▸ **ACTIVITY**
Wherever a picture sits, omit it. Output the rest of the listing exactly.

▸ **GIVEN INFORMATION**
• • • • • • •
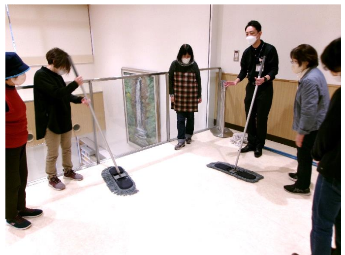
<屋内清掃就業会員講習会の様子>

3月23、24日に府中公民館で開催し、25名の会員さんが参加しました。清掃道具の使い方、清掃方法について学びました。
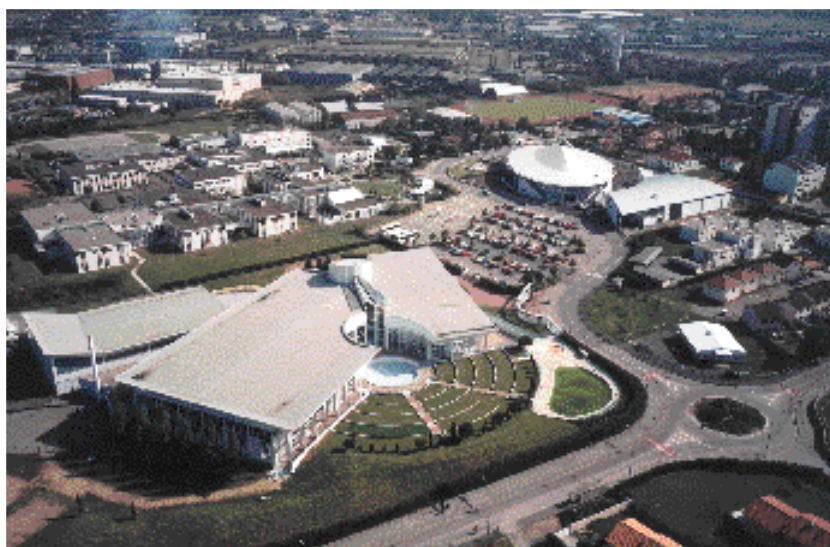
Andrézieux-Bouthéon : un nouveau pôle d'équipements scolaires, sportifs et culturels
• • • • • • •
▸ **TASK ANSWER**
<屋内清掃就業会員講習会の様子>

3月23、24日に府中公民館で開催し、25名の会員さんが参加しました。清掃道具の使い方、清掃方法について学びました。
Andrézieux-Bouthéon : un nouveau pôle d'équipements scolaires, sportifs et culturels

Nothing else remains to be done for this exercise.